QUT education experts have offered a mixed response to a draft national curriculum for English, maths, science and history released by the Federal Government.
For more details on the proposed changes visit www.australiancurriculum.edu.au
Professor Annette Patterson
Head, School of Cultural and Language Studies in Education
"The emphasis on literature in the proposed English national curriculum is very welcome as is the sustained focus across the year levels on aesthetic and cultural aspects of literary studies.
"The curriculum retains many of the strengths of current state-based English curricula. It aligns its approach with current thinking on the importance of explicit teaching about language. This alignment will help foster the idea that the teacher's role in enabling learning is a very important one.
"There's a tendency to over-emphasise the importance of phonics in the early years as a means of teaching reading.
"This is regrettable as a balanced approach to teaching reading is essential for success.
"A balanced approach ensures that children are exposed to a range of different ways of learning to read and optimises the chance of learning through the approach that best suits the individual child."
Professor Lyn English (Mathematics)
"The curriculum does not appear to be radically different from existing curricula. A few aspects are being introduced earlier, others a little later.

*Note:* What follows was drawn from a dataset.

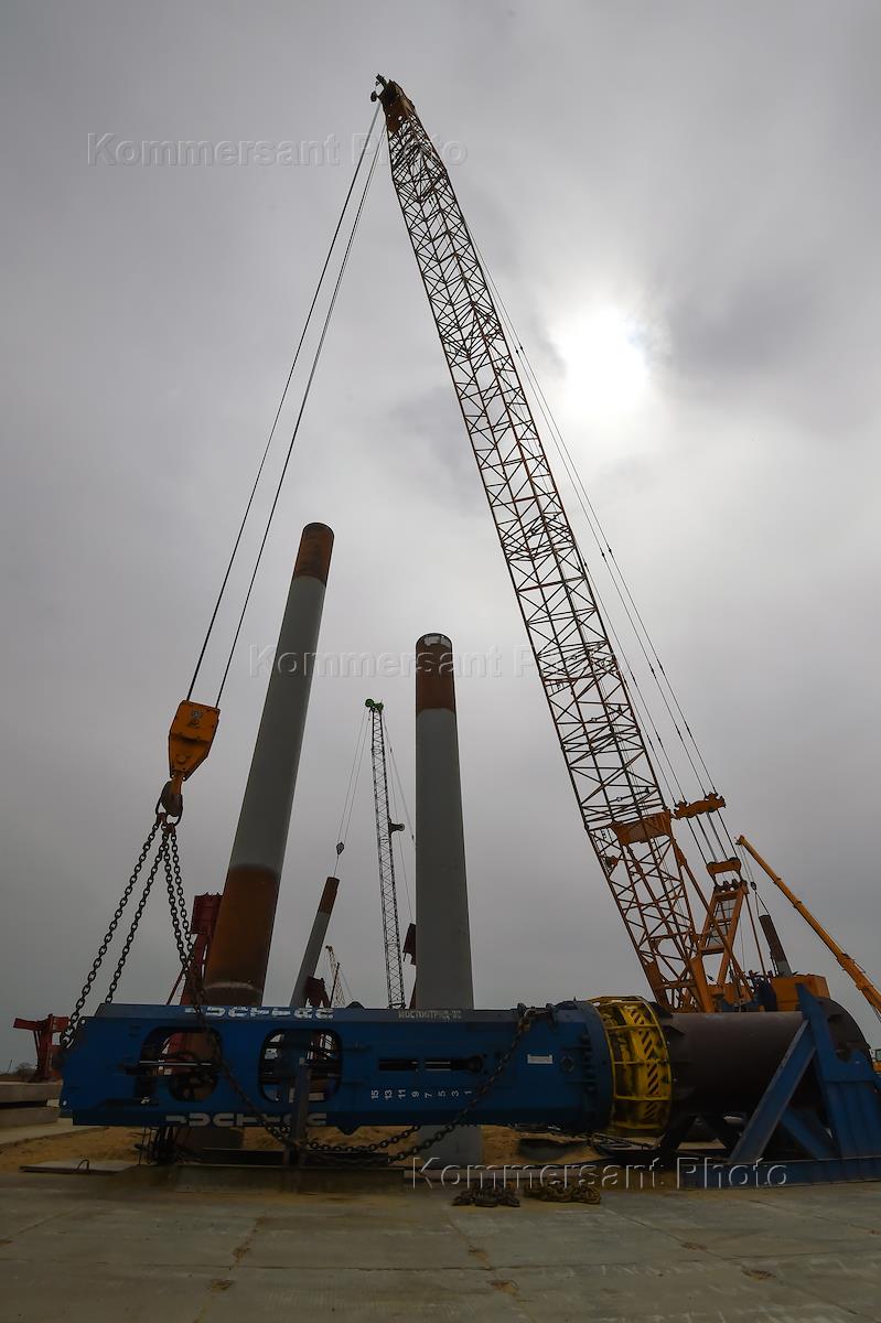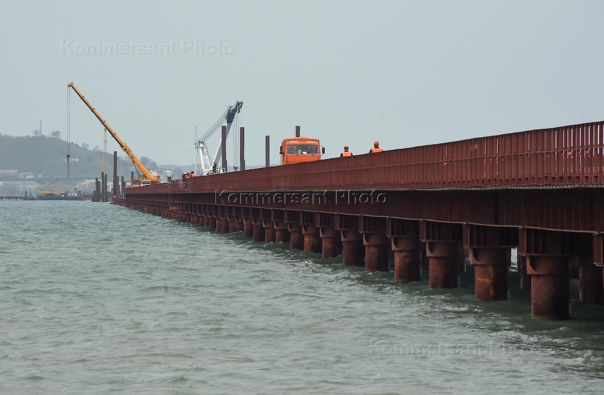 Строительство моста через Керченский пролив. Сварщики во время работы.

"My main concern is that the listing of content for each grade level does not adequately reflect or support the rationale, aims, and the highlighted emphasis on reasoning presented at the start of the document. For example, the document preamble stresses that the curriculum will foster creativity, problem solving, a range of reasoning skills, and other important future-oriented processes.
"I fear these might not be addressed adequately when implemented. The 'basics' of today and of the future are not the basics of the past; they have fundamentally changed and the curriculum content and its delivery needs to reflect this."
Professor Stephen Ritchie (Science)
"The first stated aim of the Science Learning Area is for students to develop an interest in science, presumably to address well-documented concerns about students' waning interest in the sciences.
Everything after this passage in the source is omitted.